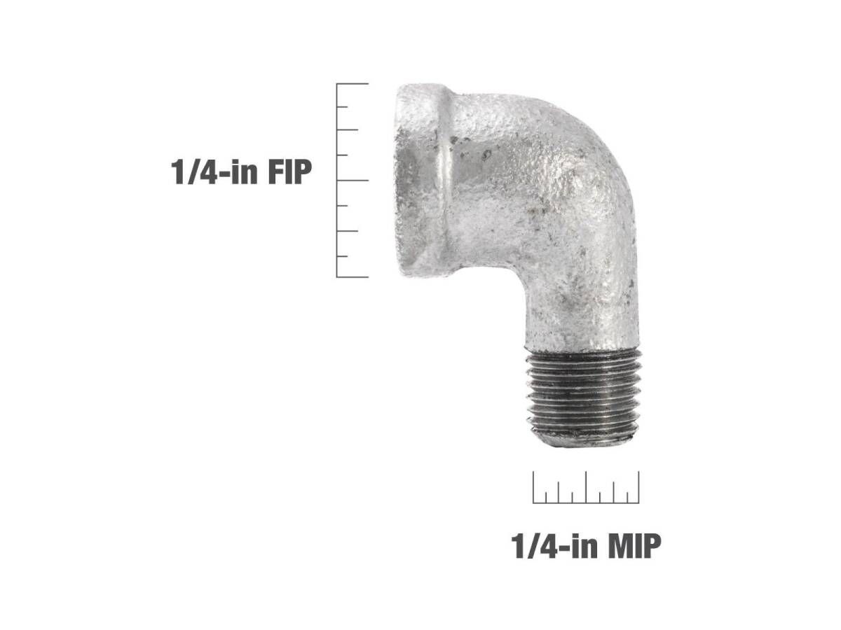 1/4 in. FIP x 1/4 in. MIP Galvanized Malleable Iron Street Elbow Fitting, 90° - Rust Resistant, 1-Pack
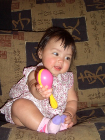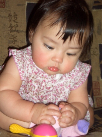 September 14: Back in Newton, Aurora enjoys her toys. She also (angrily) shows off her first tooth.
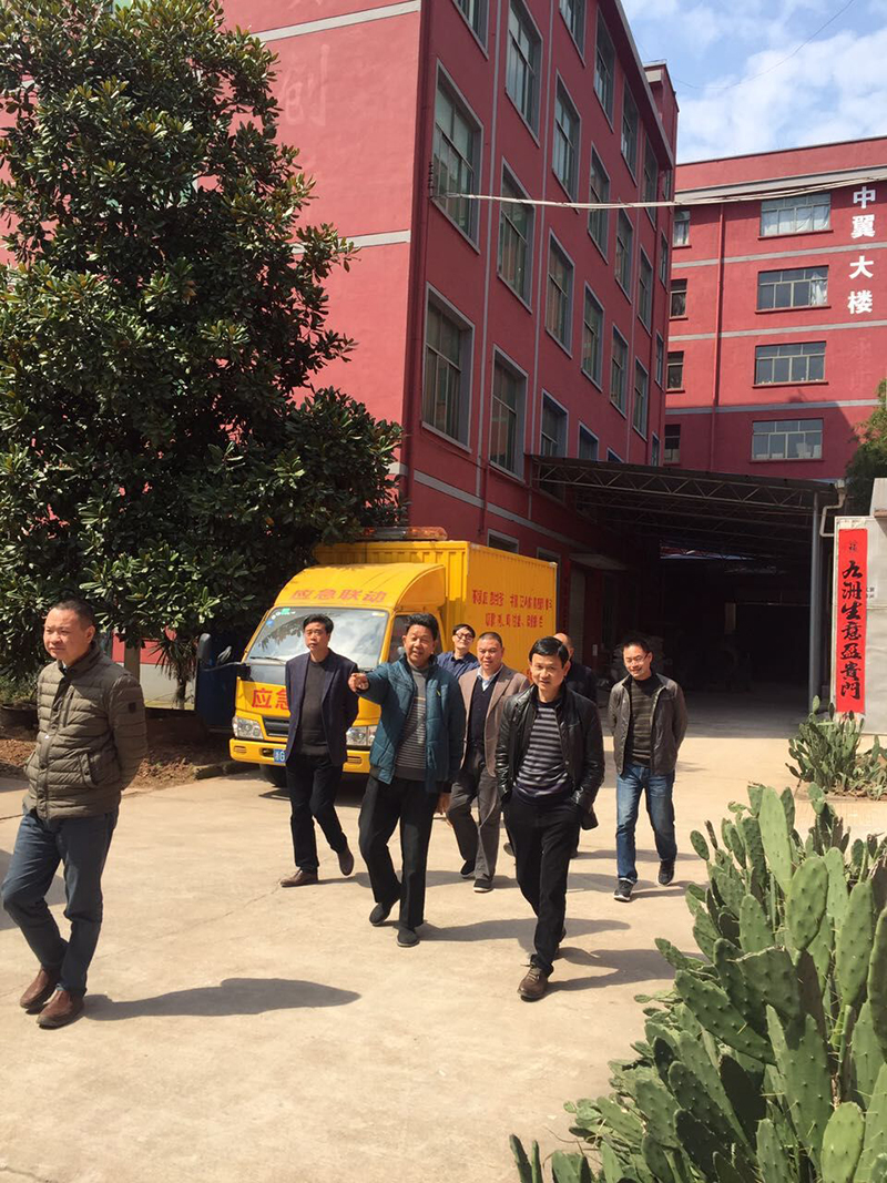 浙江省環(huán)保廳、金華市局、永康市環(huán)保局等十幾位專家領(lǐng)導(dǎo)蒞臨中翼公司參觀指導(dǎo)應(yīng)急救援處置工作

**Work instruction**
Repeat the listing verbatim. Skip the pictures.

**Solution to this task**
 1/4 in. FIP x 1/4 in. MIP Galvanized Malleable Iron Street Elbow Fitting, 90° - Rust Resistant, 1-Pack
 September 14: Back in Newton, Aurora enjoys her toys. She also (angrily) shows off her first tooth.
 浙江省環(huán)保廳、金華市局、永康市環(huán)保局等十幾位專家領(lǐng)導(dǎo)蒞臨中翼公司參觀指導(dǎo)應(yīng)急救援處置工作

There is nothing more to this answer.